Predicting the future is fraught with imponderables and the potential exists for unforeseen events completely to change outcomes.  So in the end, it is possible that things could be fine. However, judging by experience to date, this looks increasingly unlikely. We can but hope that Mrs May will abandon her single-minded rejection of the EEA/EFTA option, as the options she seems to be pursuing contain impossible contradictions. Perhaps she doesn’t know enough yet to understand all the practicalities. Meanwhile, how long can Mr Davis will keep on talking up imaginary progress towards a free trade agreement whilst getting nowhere and at the same time, making regular, very public gaffes that undermine the credibility of Brexit negotiations?

Another question remains unanswered, perhaps because nobody has asked it yet:– why put all your efforts, concessions and kowtowing into negotiating a complex transitional agreement, which could end up lasting a long time, when a far better (or less damaging) simple solution exists (of EFTA/EEA membership) at least for a transitional arrangement?  You rejected it once, now you are leading us into a worse mess all round until who knows when, why?

MPs’ vote on Brexit deal – is it a climbdown?

Yesterday, David Davis announced that MPs would get a binding vote on the final Brexit deal agreed with the EU. Although Labour called this decision a “climbdown”, in reality, it does not concede very much and does not put Brexit in doubt.

Essentially, MPs will be asked to take it or leave it. The choices will either be to accept the deal or to crash out of the EU without a deal.

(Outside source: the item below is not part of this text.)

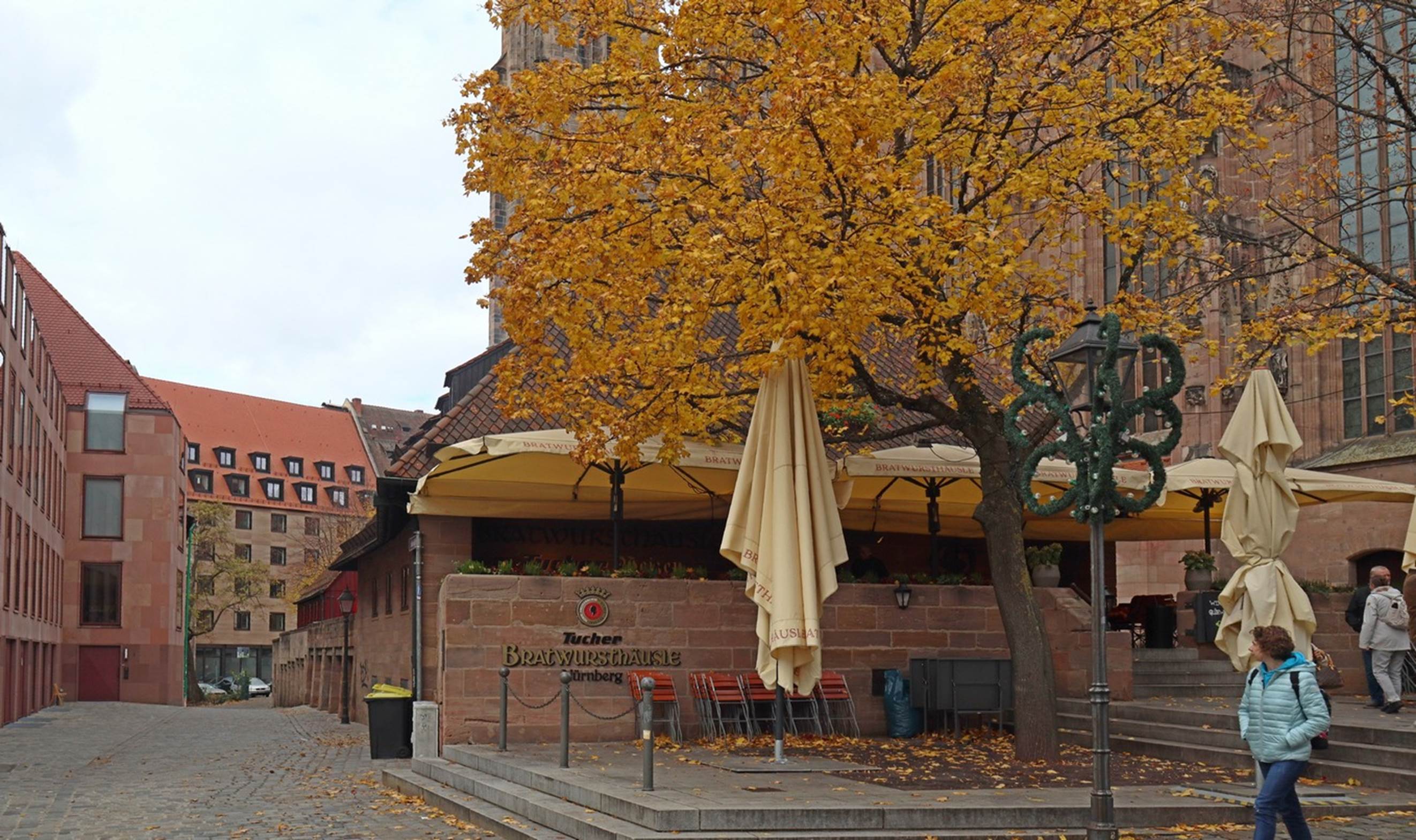 At this point our guide turned us loose to walk around the area as we liked and have lunch at one of several restaurants he pointed out, but we were to return to the square before 12 noon as that is the one time each day that the glockenspiel operates. A small river, the Pegnitz, flows gently through the town with buildings stacked along its edges. We walked over the bridge close to us and explored the area for a while. The main activity appeared to be some workers starting to set up the decorations and facilities for the coming Christmas Market which would be centered in the square.
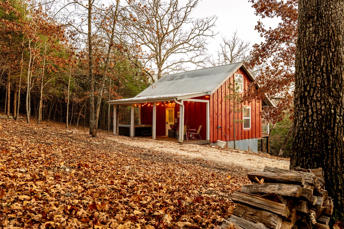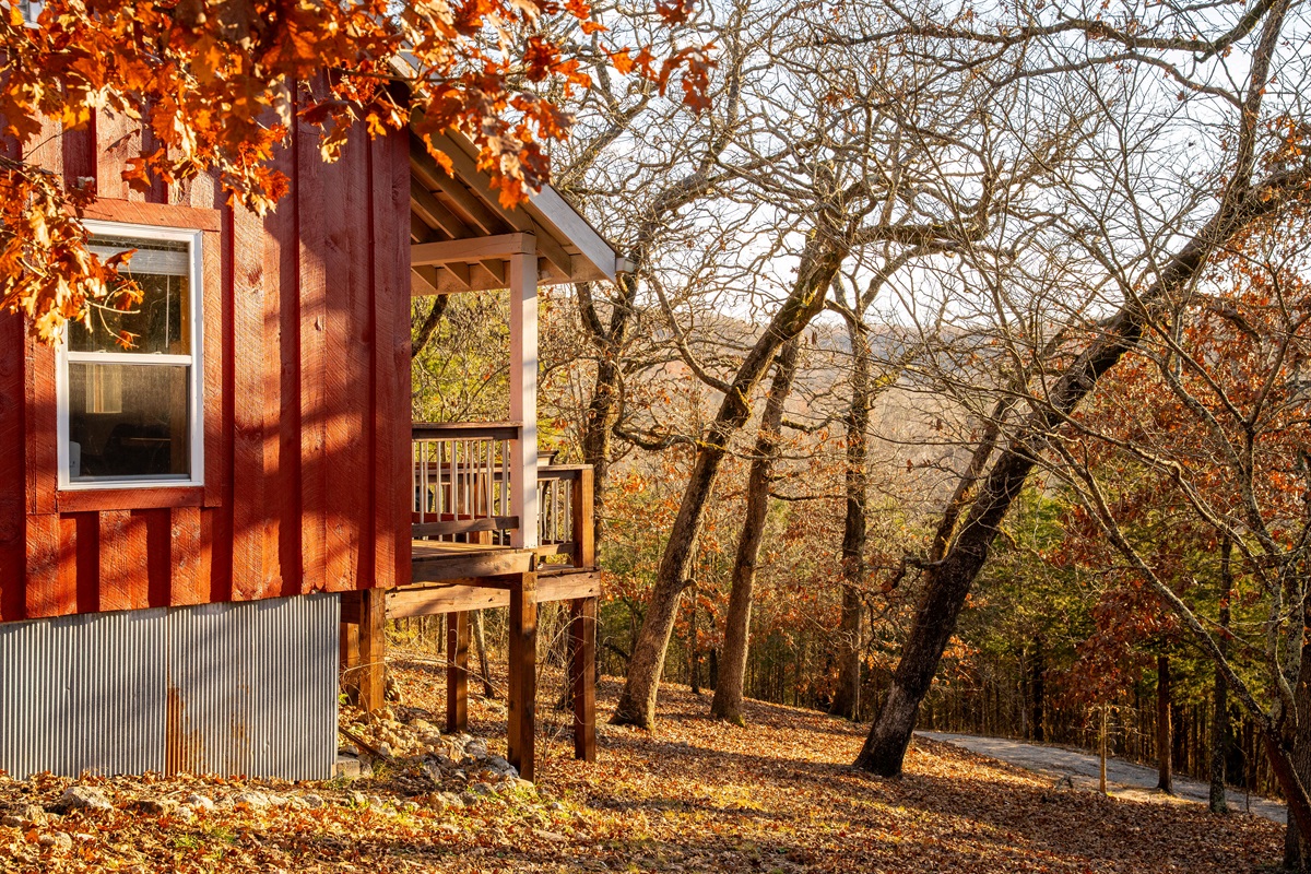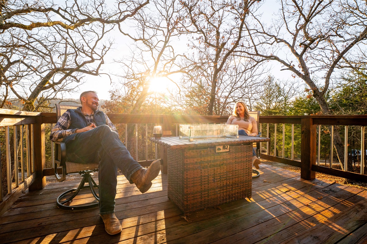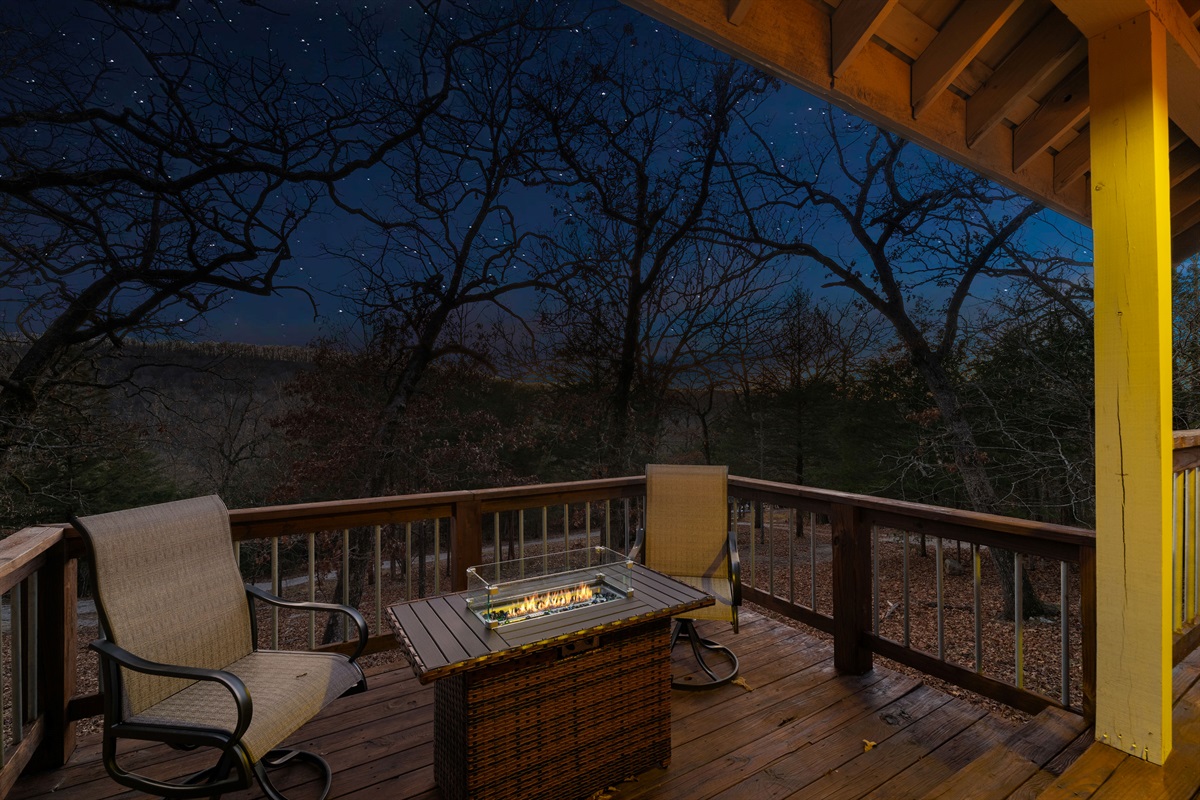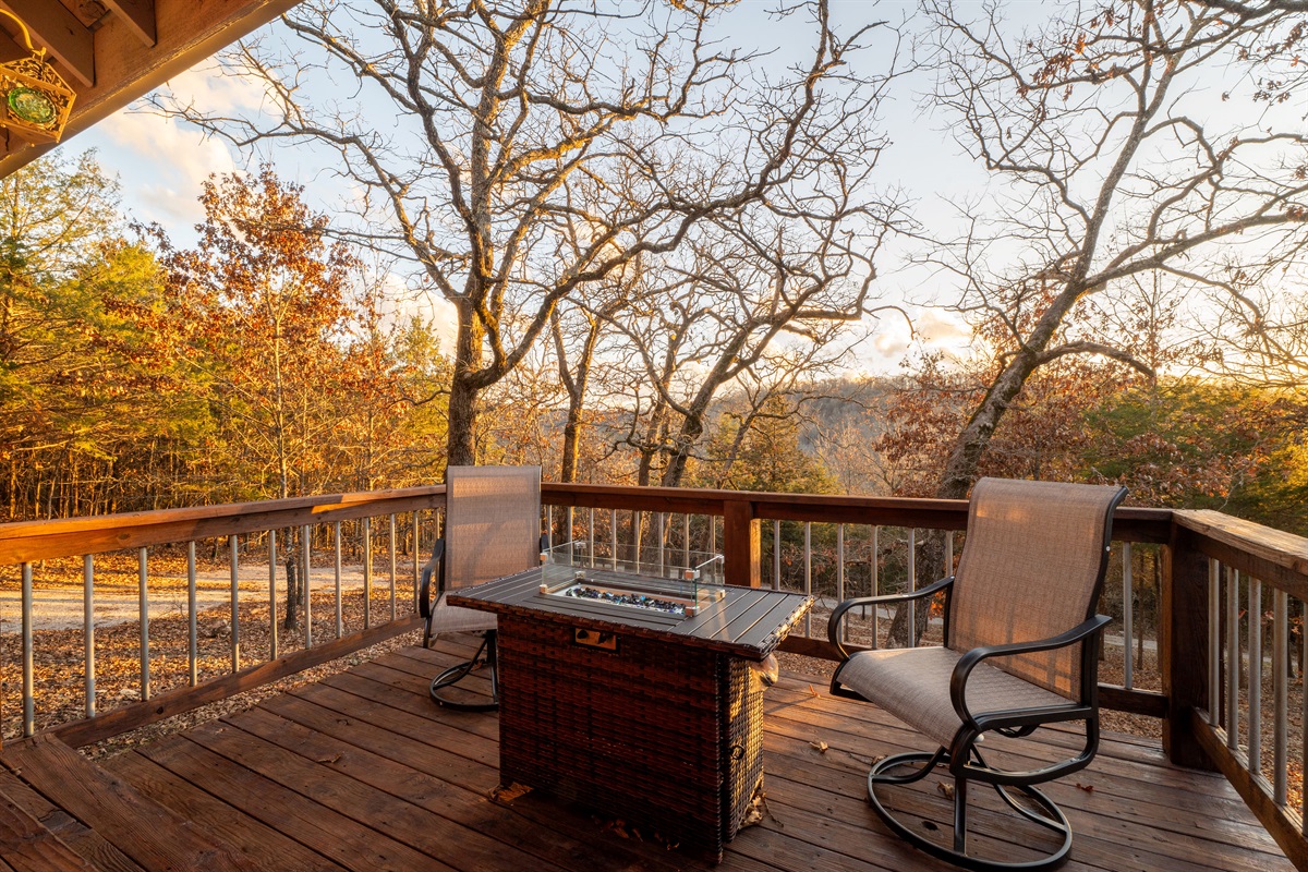 • Back porch with propane fire pit, where you can relax and take in the Ozark scenery

Unsurprisingly, the Tory incorrigibles, led by Dominic Grieve and Anna Soubry were none too happy with Davis’ concession, calling it unacceptable.

It may well be, however, that the wrangling turns out to be academic. There has to be an agreement upon which to vote and there is no sign of the two sides moving any closer. One informed commentator, indeed, has suggested that within a few weeks, the  chances of a deal will drop to zero.

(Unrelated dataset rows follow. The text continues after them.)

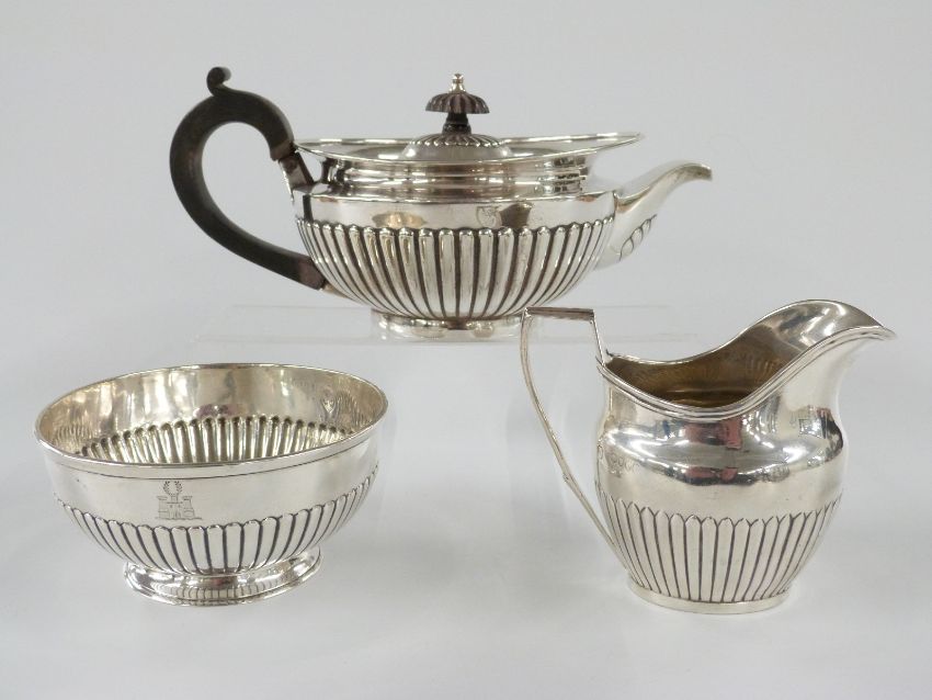 Victorian hallmarked silver tea set of squat lobed form, the boat shaped teapot London 1880, milk jug and sugar bowl 1882, all maker Dobson and Sons, with additional Dobson, Piccadilly impressed mark to all pieces, weight 850g all in
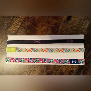 Under Armour girls/women’s headband set of 3. 3 headbands, (1) hot pink, royal blue, green & white with blue Under Armour logo tag. (1) grayish/black with purple Under Armour logo on it. (1) lime green, orange, teal blue with lime green Under Armour tag. You get all 3. Great for sports, exercise, running. Brand new. NWOT
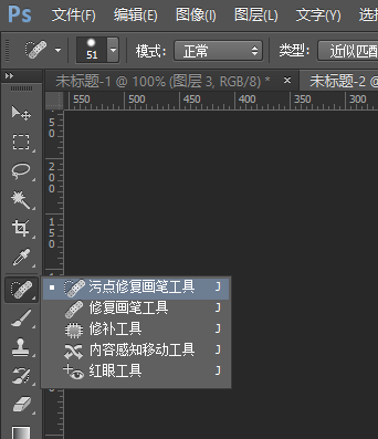 第一种:使用污点修复画笔工具,将有水印的地方圈出来,可以直接将水印去掉
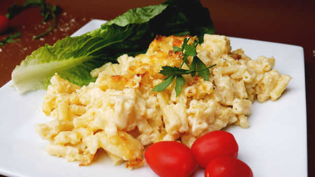 ya todos sabemos macarrones y queso es comida, pero para una verdadera cazuela de palo a sus costillas esta receta ajusta a la ley! Macarrones y queso con abundante jamón y espinacas, con queso parmesano y al horno para que la capa superior es un poc
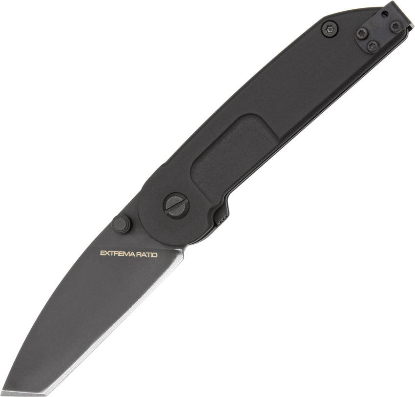 4″ closed linerlock. Black finish N690 stainless cobalt steel tanto blade with dual thumb studs. Black anodized aluminum handles with reversible pocket clip.

There is no question that the “transitional deal” about which there has been much talk faces huge obstacles. Such outlines as have been provided would be unacceptable to many Tory Brexiteers and would still need a huge amount of negotiation with the EU within a short timescale to be signed off by Brexit day.

Is there a via media between this pipe dream (or better, pipe nightmare) and the worrying prospect of having to fall back on the so-called WTO option?  The EEA/EFTA route has been ruled out, a “deep and comprehensive” trade deal on the lines of the EU/Ukraine agreement would take too long and any bespoke deal would take too long to conclude.

And this remains the biggest concerns for those of us desiring to see a successful Brexit. There is no doubt that the remainiacs are still causing trouble, but outside the political bubble, very few people are taking any notice of them. The real worry is that the talks may fail and we will drift aimlessly towards March 29th 2019 with the resulting chaos leaving us battling calls to re-join the EU forthwith.